Work task
Word for word, retype the entire listing.
** Opening Records provided block **
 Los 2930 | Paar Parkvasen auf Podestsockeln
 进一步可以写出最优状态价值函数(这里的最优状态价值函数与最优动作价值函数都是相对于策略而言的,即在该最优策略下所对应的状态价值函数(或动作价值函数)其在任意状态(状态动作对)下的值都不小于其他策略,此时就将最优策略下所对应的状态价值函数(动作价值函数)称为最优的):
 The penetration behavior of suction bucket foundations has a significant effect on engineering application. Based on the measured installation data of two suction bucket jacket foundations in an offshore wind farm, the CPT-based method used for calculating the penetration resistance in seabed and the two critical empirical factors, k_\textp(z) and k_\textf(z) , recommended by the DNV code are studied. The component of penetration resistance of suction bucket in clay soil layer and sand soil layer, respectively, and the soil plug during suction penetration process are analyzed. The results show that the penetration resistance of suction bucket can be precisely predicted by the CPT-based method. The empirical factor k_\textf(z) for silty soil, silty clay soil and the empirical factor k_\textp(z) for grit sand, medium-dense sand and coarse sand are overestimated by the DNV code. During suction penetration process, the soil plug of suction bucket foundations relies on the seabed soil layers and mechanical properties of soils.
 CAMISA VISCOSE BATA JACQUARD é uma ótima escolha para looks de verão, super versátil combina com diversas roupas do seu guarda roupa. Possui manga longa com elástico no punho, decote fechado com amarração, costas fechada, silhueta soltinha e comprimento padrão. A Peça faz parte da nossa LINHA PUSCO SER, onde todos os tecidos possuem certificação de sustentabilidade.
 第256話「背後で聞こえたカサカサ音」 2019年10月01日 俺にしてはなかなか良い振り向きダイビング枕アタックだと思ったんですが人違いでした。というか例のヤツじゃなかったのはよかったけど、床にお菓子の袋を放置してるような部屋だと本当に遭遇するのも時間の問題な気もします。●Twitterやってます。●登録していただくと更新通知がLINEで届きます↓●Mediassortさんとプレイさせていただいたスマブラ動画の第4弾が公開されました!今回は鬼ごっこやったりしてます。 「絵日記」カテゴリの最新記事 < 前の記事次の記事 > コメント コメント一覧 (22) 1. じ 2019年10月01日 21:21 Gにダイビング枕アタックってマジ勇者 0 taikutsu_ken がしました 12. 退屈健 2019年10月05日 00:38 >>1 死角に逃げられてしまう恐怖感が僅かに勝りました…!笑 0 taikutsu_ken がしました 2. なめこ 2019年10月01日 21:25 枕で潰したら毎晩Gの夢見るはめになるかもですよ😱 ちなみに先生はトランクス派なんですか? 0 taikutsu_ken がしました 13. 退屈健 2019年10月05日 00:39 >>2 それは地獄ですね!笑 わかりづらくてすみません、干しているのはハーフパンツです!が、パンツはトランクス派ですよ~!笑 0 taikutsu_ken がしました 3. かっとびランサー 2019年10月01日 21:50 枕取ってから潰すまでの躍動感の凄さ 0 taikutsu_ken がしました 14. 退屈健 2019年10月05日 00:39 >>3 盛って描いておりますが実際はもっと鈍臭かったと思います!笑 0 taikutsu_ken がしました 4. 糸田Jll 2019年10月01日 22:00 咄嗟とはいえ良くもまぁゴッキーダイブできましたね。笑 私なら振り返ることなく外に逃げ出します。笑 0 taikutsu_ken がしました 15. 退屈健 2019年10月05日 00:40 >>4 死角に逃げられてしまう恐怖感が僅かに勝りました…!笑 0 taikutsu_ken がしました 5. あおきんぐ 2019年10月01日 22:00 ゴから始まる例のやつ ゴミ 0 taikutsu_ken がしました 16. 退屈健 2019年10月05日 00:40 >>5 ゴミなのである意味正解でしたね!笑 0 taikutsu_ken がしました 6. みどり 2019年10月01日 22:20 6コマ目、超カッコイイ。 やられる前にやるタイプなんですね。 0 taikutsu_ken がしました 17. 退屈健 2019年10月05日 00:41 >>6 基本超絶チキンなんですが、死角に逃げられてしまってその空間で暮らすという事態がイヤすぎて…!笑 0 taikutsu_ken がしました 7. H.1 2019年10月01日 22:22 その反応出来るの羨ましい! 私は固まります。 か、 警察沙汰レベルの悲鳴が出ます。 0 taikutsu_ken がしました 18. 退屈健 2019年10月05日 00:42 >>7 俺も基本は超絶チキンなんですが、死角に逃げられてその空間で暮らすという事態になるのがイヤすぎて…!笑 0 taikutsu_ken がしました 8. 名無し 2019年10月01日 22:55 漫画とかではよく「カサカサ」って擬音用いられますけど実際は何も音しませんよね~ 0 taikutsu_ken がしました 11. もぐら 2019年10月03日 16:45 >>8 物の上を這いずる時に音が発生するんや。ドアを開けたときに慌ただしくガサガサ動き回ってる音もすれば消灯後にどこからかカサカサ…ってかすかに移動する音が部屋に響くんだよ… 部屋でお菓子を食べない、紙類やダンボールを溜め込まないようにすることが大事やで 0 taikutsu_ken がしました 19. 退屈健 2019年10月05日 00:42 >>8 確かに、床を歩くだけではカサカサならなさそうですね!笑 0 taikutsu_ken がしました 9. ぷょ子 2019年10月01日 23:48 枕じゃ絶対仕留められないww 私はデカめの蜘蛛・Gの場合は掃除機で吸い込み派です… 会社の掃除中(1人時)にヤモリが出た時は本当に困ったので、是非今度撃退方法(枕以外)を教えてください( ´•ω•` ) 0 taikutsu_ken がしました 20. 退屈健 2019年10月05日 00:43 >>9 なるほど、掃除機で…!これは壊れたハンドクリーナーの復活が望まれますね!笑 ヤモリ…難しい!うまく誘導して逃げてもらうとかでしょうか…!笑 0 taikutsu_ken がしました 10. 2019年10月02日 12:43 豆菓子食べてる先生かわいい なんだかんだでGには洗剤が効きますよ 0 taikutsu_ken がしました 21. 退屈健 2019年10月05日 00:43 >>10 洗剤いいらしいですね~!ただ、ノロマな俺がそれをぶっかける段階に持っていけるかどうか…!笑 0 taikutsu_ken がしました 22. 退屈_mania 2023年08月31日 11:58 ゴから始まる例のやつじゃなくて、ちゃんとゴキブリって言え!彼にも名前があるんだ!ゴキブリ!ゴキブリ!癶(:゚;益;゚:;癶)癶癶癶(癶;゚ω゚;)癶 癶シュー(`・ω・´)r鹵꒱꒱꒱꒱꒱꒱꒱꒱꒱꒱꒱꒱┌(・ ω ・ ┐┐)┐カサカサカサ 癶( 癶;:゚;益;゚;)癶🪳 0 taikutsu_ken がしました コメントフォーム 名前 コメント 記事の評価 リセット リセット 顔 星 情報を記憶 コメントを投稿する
** Closing Records provided block **
The answer
 Los 2930 | Paar Parkvasen auf Podestsockeln
 进一步可以写出最优状态价值函数(这里的最优状态价值函数与最优动作价值函数都是相对于策略而言的,即在该最优策略下所对应的状态价值函数(或动作价值函数)其在任意状态(状态动作对)下的值都不小于其他策略,此时就将最优策略下所对应的状态价值函数(动作价值函数)称为最优的):
 The penetration behavior of suction bucket foundations has a significant effect on engineering application. Based on the measured installation data of two suction bucket jacket foundations in an offshore wind farm, the CPT-based method used for calculating the penetration resistance in seabed and the two critical empirical factors, k_\textp(z) and k_\textf(z) , recommended by the DNV code are studied. The component of penetration resistance of suction bucket in clay soil layer and sand soil layer, respectively, and the soil plug during suction penetration process are analyzed. The results show that the penetration resistance of suction bucket can be precisely predicted by the CPT-based method. The empirical factor k_\textf(z) for silty soil, silty clay soil and the empirical factor k_\textp(z) for grit sand, medium-dense sand and coarse sand are overestimated by the DNV code. During suction penetration process, the soil plug of suction bucket foundations relies on the seabed soil layers and mechanical properties of soils.
 CAMISA VISCOSE BATA JACQUARD é uma ótima escolha para looks de verão, super versátil combina com diversas roupas do seu guarda roupa. Possui manga longa com elástico no punho, decote fechado com amarração, costas fechada, silhueta soltinha e comprimento padrão. A Peça faz parte da nossa LINHA PUSCO SER, onde todos os tecidos possuem certificação de sustentabilidade.
 第256話「背後で聞こえたカサカサ音」 2019年10月01日 俺にしてはなかなか良い振り向きダイビング枕アタックだと思ったんですが人違いでした。というか例のヤツじゃなかったのはよかったけど、床にお菓子の袋を放置してるような部屋だと本当に遭遇するのも時間の問題な気もします。●Twitterやってます。●登録していただくと更新通知がLINEで届きます↓●Mediassortさんとプレイさせていただいたスマブラ動画の第4弾が公開されました!今回は鬼ごっこやったりしてます。 「絵日記」カテゴリの最新記事 < 前の記事次の記事 > コメント コメント一覧 (22) 1. じ 2019年10月01日 21:21 Gにダイビング枕アタックってマジ勇者 0 taikutsu_ken がしました 12. 退屈健 2019年10月05日 00:38 >>1 死角に逃げられてしまう恐怖感が僅かに勝りました…!笑 0 taikutsu_ken がしました 2. なめこ 2019年10月01日 21:25 枕で潰したら毎晩Gの夢見るはめになるかもですよ😱 ちなみに先生はトランクス派なんですか? 0 taikutsu_ken がしました 13. 退屈健 2019年10月05日 00:39 >>2 それは地獄ですね!笑 わかりづらくてすみません、干しているのはハーフパンツです!が、パンツはトランクス派ですよ~!笑 0 taikutsu_ken がしました 3. かっとびランサー 2019年10月01日 21:50 枕取ってから潰すまでの躍動感の凄さ 0 taikutsu_ken がしました 14. 退屈健 2019年10月05日 00:39 >>3 盛って描いておりますが実際はもっと鈍臭かったと思います!笑 0 taikutsu_ken がしました 4. 糸田Jll 2019年10月01日 22:00 咄嗟とはいえ良くもまぁゴッキーダイブできましたね。笑 私なら振り返ることなく外に逃げ出します。笑 0 taikutsu_ken がしました 15. 退屈健 2019年10月05日 00:40 >>4 死角に逃げられてしまう恐怖感が僅かに勝りました…!笑 0 taikutsu_ken がしました 5. あおきんぐ 2019年10月01日 22:00 ゴから始まる例のやつ ゴミ 0 taikutsu_ken がしました 16. 退屈健 2019年10月05日 00:40 >>5 ゴミなのである意味正解でしたね!笑 0 taikutsu_ken がしました 6. みどり 2019年10月01日 22:20 6コマ目、超カッコイイ。 やられる前にやるタイプなんですね。 0 taikutsu_ken がしました 17. 退屈健 2019年10月05日 00:41 >>6 基本超絶チキンなんですが、死角に逃げられてしまってその空間で暮らすという事態がイヤすぎて…!笑 0 taikutsu_ken がしました 7. H.1 2019年10月01日 22:22 その反応出来るの羨ましい! 私は固まります。 か、 警察沙汰レベルの悲鳴が出ます。 0 taikutsu_ken がしました 18. 退屈健 2019年10月05日 00:42 >>7 俺も基本は超絶チキンなんですが、死角に逃げられてその空間で暮らすという事態になるのがイヤすぎて…!笑 0 taikutsu_ken がしました 8. 名無し 2019年10月01日 22:55 漫画とかではよく「カサカサ」って擬音用いられますけど実際は何も音しませんよね~ 0 taikutsu_ken がしました 11. もぐら 2019年10月03日 16:45 >>8 物の上を這いずる時に音が発生するんや。ドアを開けたときに慌ただしくガサガサ動き回ってる音もすれば消灯後にどこからかカサカサ…ってかすかに移動する音が部屋に響くんだよ… 部屋でお菓子を食べない、紙類やダンボールを溜め込まないようにすることが大事やで 0 taikutsu_ken がしました 19. 退屈健 2019年10月05日 00:42 >>8 確かに、床を歩くだけではカサカサならなさそうですね!笑 0 taikutsu_ken がしました 9. ぷょ子 2019年10月01日 23:48 枕じゃ絶対仕留められないww 私はデカめの蜘蛛・Gの場合は掃除機で吸い込み派です… 会社の掃除中(1人時)にヤモリが出た時は本当に困ったので、是非今度撃退方法(枕以外)を教えてください( ´•ω•` ) 0 taikutsu_ken がしました 20. 退屈健 2019年10月05日 00:43 >>9 なるほど、掃除機で…!これは壊れたハンドクリーナーの復活が望まれますね!笑 ヤモリ…難しい!うまく誘導して逃げてもらうとかでしょうか…!笑 0 taikutsu_ken がしました 10. 2019年10月02日 12:43 豆菓子食べてる先生かわいい なんだかんだでGには洗剤が効きますよ 0 taikutsu_ken がしました 21. 退屈健 2019年10月05日 00:43 >>10 洗剤いいらしいですね~!ただ、ノロマな俺がそれをぶっかける段階に持っていけるかどうか…!笑 0 taikutsu_ken がしました 22. 退屈_mania 2023年08月31日 11:58 ゴから始まる例のやつじゃなくて、ちゃんとゴキブリって言え!彼にも名前があるんだ!ゴキブリ!ゴキブリ!癶(:゚;益;゚:;癶)癶癶癶(癶;゚ω゚;)癶 癶シュー(`・ω・´)r鹵꒱꒱꒱꒱꒱꒱꒱꒱꒱꒱꒱꒱┌(・ ω ・ ┐┐)┐カサカサカサ 癶( 癶;:゚;益;゚;)癶🪳 0 taikutsu_ken がしました コメントフォーム 名前 コメント 記事の評価 リセット リセット 顔 星 情報を記憶 コメントを投稿する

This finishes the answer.